STUDY MATERIAL:
<<<<

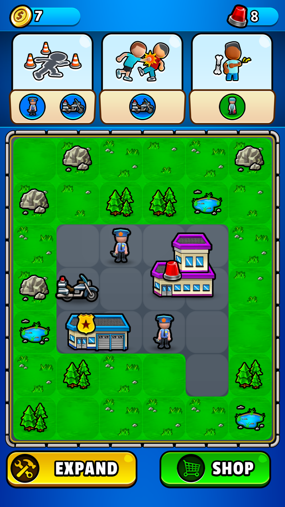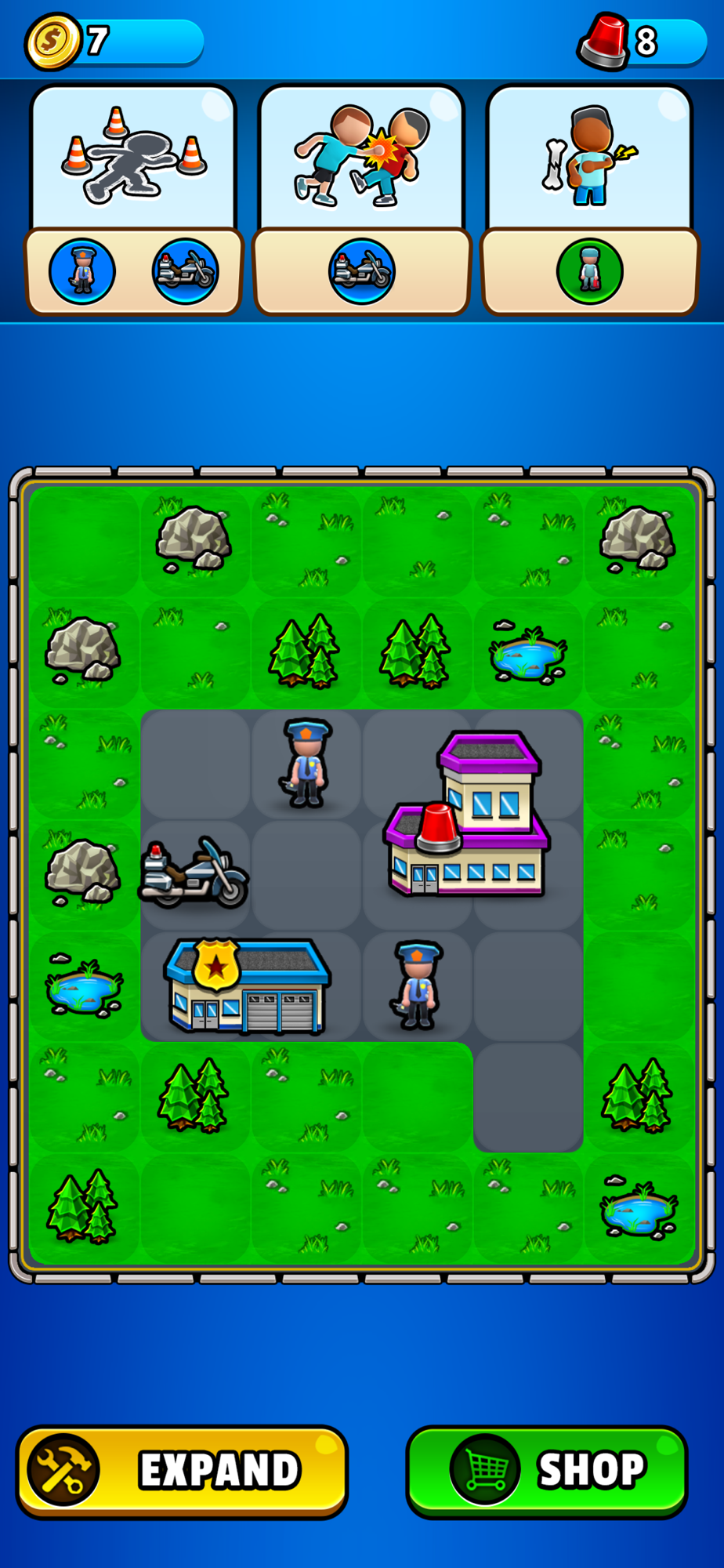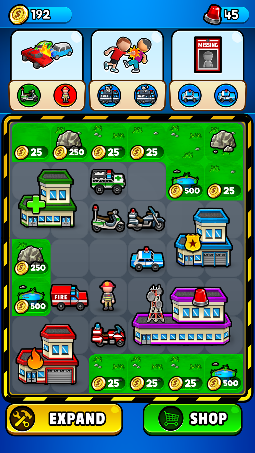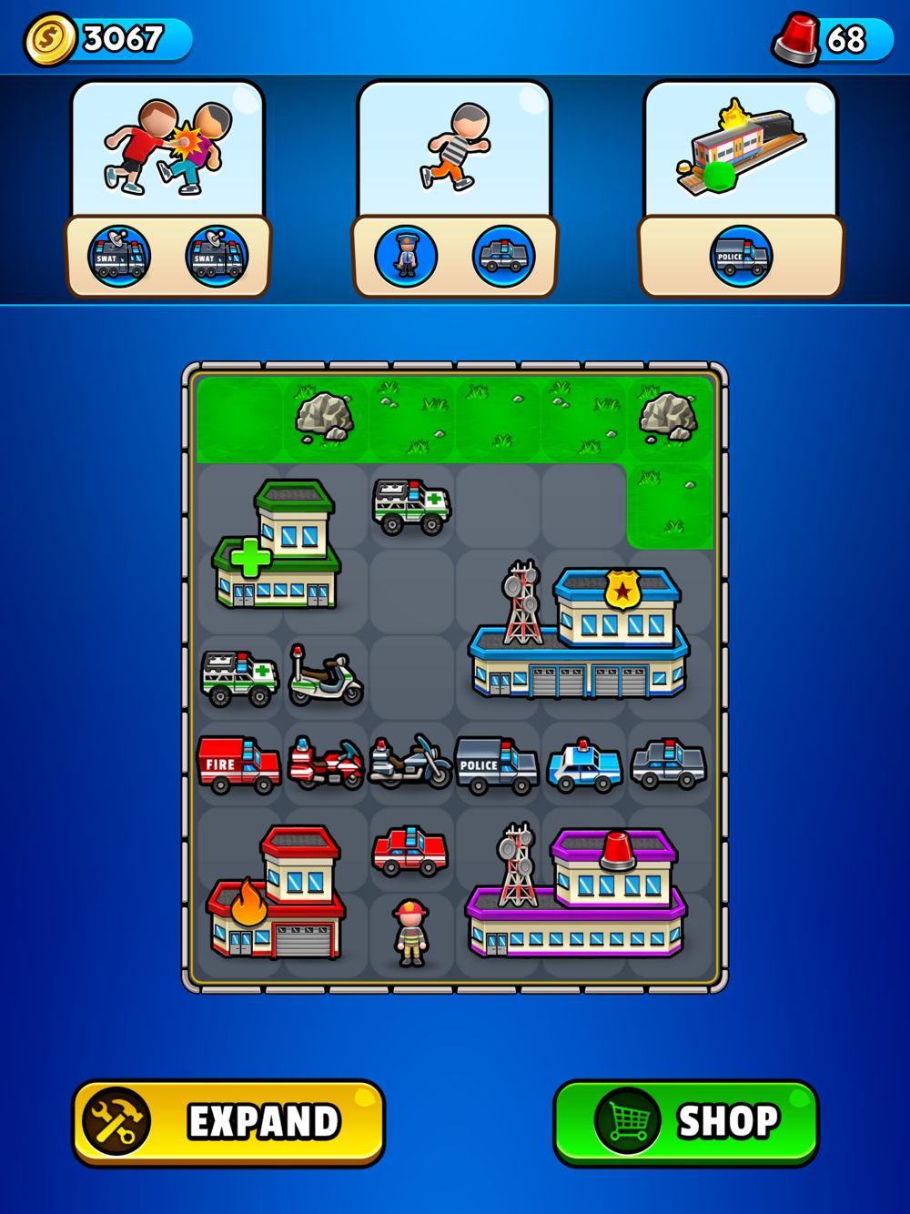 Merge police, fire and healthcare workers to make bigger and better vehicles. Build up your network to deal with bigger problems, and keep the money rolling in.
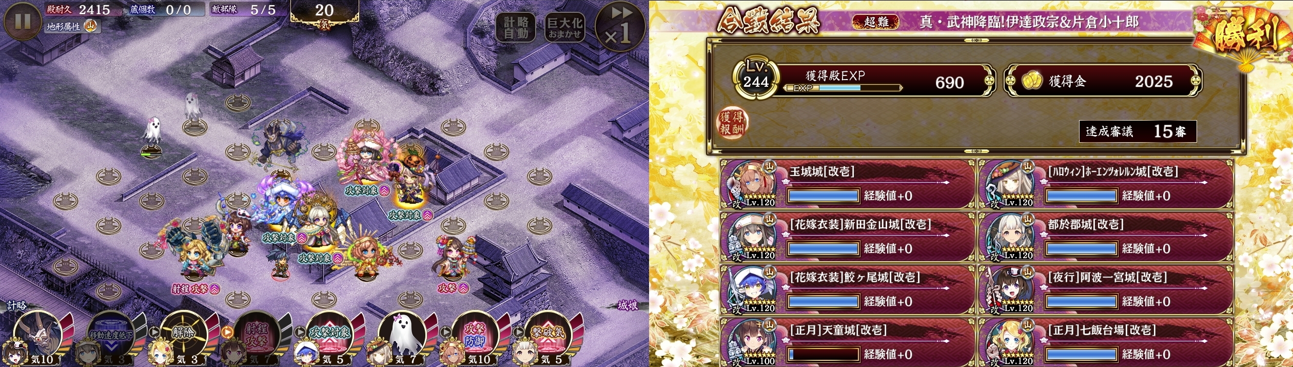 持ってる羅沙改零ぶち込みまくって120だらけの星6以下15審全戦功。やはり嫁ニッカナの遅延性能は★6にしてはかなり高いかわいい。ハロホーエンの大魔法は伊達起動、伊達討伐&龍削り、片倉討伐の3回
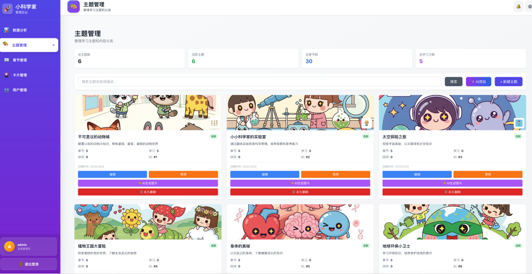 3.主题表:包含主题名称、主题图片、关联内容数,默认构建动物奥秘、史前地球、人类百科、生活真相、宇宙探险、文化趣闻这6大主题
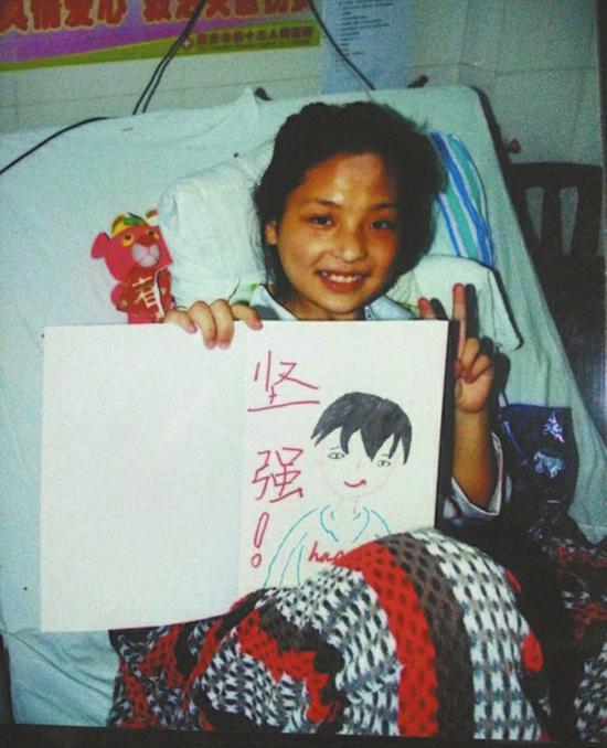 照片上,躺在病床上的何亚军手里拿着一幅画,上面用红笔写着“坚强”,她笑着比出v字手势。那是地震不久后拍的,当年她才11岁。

>>>>
<<<<

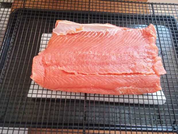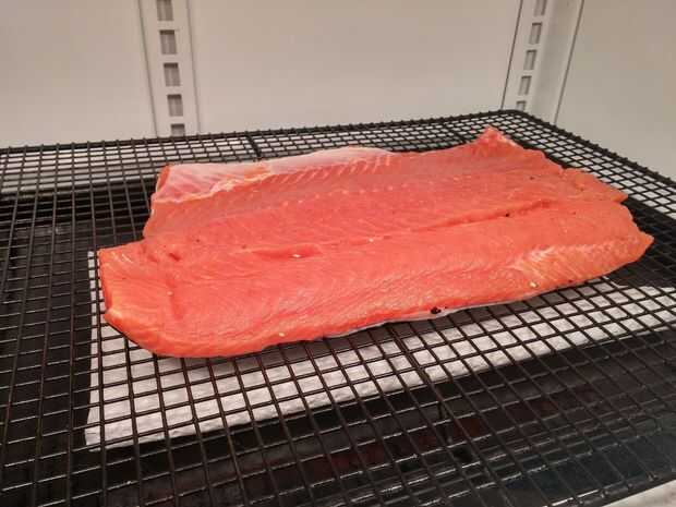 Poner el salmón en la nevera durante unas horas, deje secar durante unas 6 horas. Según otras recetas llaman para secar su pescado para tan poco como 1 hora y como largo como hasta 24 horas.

>>>>
<<<<

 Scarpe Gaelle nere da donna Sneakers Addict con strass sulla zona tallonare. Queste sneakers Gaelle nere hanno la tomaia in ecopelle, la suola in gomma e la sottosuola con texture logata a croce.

>>>>

YOUR OBJECTIVE:
Work from the entries above. Set down exactly and only the lines from the line with "3.主题表:包含主题名称、主" to the line with "照片上,躺在病床上的何亚军手", both included, and leave the pictures out.

OUTPUT:
 3.主题表:包含主题名称、主题图片、关联内容数,默认构建动物奥秘、史前地球、人类百科、生活真相、宇宙探险、文化趣闻这6大主题
 照片上,躺在病床上的何亚军手里拿着一幅画,上面用红笔写着“坚强”,她笑着比出v字手势。那是地震不久后拍的,当年她才11岁。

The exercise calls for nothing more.